Next time you’re at a park or playground, bear this in mind . . . the owner of the park or playground may have no legal duty to keep the property safe or warn people about dangerous conditions on the property. In other words, the owner of the park or playground may not be legally obligated to inspect and repair the jungle gym or even warn visitors about known criminal activity that has occurred in the park. This even applies to certain properties owned and operated by the state or federal governments.
Under Georgia law, individuals or organizations who own or occupy land are required to use ordinary care in keeping their premises safe for “invitees.” An invitee is a person whom the owner or occupant of a property allows to enter the premises for the owner or occupant’s benefit. A retail store customer, a restaurant patron, and a hotel guest are all examples of an invitee. An owner or occupant’s duty to invitees generally includes inspecting, maintaining, and repairing the premises and warning invitees about hazardous conditions on the property. If an invitee is injured because the owner or occupant of the property failed to use care in keeping the premises safe, then the owner or occupant can be held liable for the invitee’s injuries.
If an owner or occupant of land allows a person onto the property for the person’s own use and enjoyment, the person is considered to be a “licensee.” The classic example of a licensee is a social guest. Owners and occupants of land owe a lesser duty to licensees; they are only liable to licensees for “willful or wanton injury.” In plain language, this means that a landowner may not intentionally or recklessly cause injury to a licensee. But, in general, landowners owe no duty to licensees to inspect, maintain, or repair the premises. Generally speaking, a landowner is only required to warn licensees of hidden hazards of which the landowner has knowledge and the licensee does not.
Under the Georgia Recreational Property Act, however, landowners who open their property for free recreational use by the public owe no duty to keep the premises safe or to give any warning about dangerous conditions on the premises. Under the “RPA,” a landowner who opens property to the public for free recreational use does not extend any assurance that the premises are safe for any purpose. Further, people who enter the property for free recreational use do not become “invitees” or “licensees” of the landowner. The RPA applies to both private and public landowners. So, the state and federal governments are generally protected by the RPA from claims arising on government land that is made available to the public for free recreational use.
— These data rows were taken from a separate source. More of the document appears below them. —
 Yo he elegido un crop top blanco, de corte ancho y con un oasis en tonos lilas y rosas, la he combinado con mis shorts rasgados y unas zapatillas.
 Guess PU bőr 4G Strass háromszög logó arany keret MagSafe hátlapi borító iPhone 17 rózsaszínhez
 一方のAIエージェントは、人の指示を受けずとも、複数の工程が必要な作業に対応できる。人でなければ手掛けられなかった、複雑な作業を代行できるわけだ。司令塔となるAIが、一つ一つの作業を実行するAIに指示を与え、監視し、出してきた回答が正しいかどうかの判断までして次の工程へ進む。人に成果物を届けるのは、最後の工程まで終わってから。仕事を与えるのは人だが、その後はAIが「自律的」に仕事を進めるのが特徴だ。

One important exception to the applicability of the RPA has come to be known as the “charge exception.” Under the charge exception, a landowner who charges a price or fee to people entering the premises for recreational use is not entitled to the protections of the RPA. So, if a landowner charges an admission fee to those who enter and use the property, the landowner cannot benefit from the insulation from liability created by the RPA.
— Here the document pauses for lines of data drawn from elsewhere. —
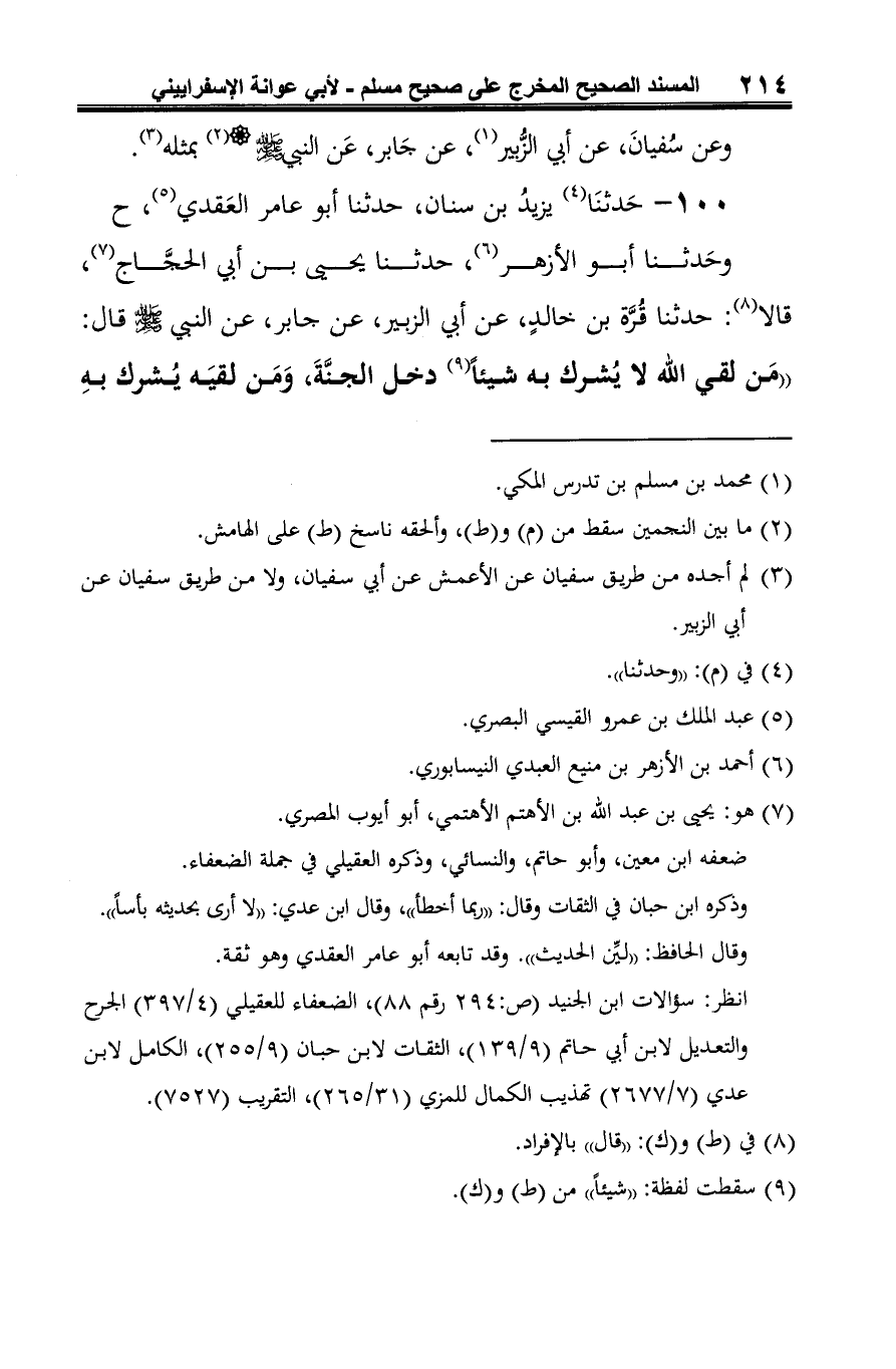 وحَدثنا أبو الأزهر (¬3)، حدثنا يحيى بن أبي الحجَّاج (¬4)، قالا (¬5): حدثنا قُرَّة بن خالدٍ، عن أبي الزبير، عن جابر، عن النبي -صلى الله عليه وسلم- قال: "مَن لقي الله لا يُشرك به شيئًا (¬6) دخل الجنَّةَ، وَمَن لقيَه يُشرك بهِ
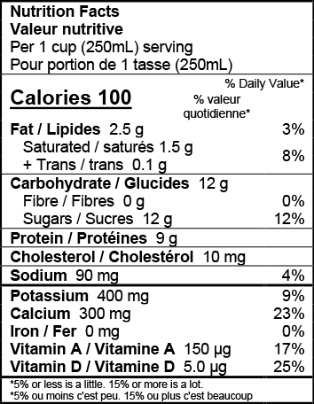 ƚƚAccording to regulations currently in force in Canada, the Canadian Food Inspection Agency (CFIA) ensures the monitoring of pesticides residues for potential contamination in food. Naturally GMO-free. No preservatives, like all milk.
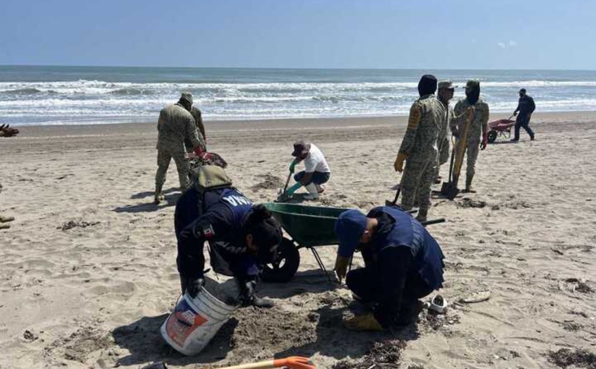 La Secretaría de Marina reportó el retiró 3.5 toneladas de residuos petroleros en costas de Veracruz, aunque esto no ha sido suficiente.
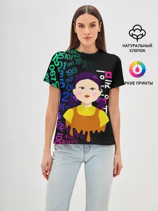 Женская футболка оверсайз / ИГРА В КАЛЬМАРА / SQUID GAME / КУКЛА / УЗОР
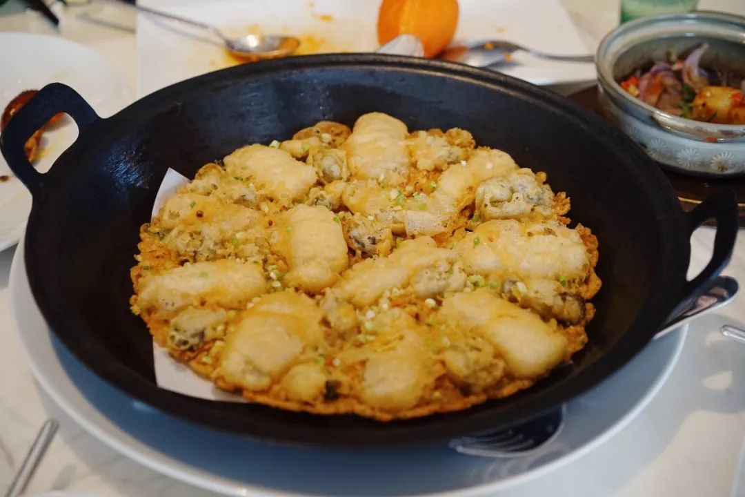 水潺蚝烙黄澄澄一大盘上桌,水潺(龙头鱼)的肉很肥厚,很香软,蚝嘛就很迷你了。不过这道就不容易多吃了,脆外衣里的油锁得死死的,一口一油飙的感觉。还好点了雷司令。

But, what about the parking fees that we must pay at the entrances into some state and national parks? Courts have consistently ruled that these fees are not “admission fees,” but rather fees collected for the privilege of driving and parking a vehicle on the property. So, collecting a parking fee at the gate does not prevent landowners, including the state and federal governments, from shielding themselves from liability under the RPA. In addition, many courts have held that fees charged for the use of certain facilities or amenities, such as campgrounds or boat launches, are not admission fees and, therefore, do not remove the protections of the RPA.
In spite of the broad protections afforded to recreational property owners under the RPA, there are still circumstances under which these landowners may be held liable for injuries that occur on their properties. If you have been injured on recreational property, you should contact experienced legal counsel to evaluate the specific facts and circumstances surrounding your injuries. You very well may have a valid claim. But, in any event, use caution and care at all times on recreational property, and do not presume that the owner of the property has made the premises safe or provided adequate warning of hazardous conditions.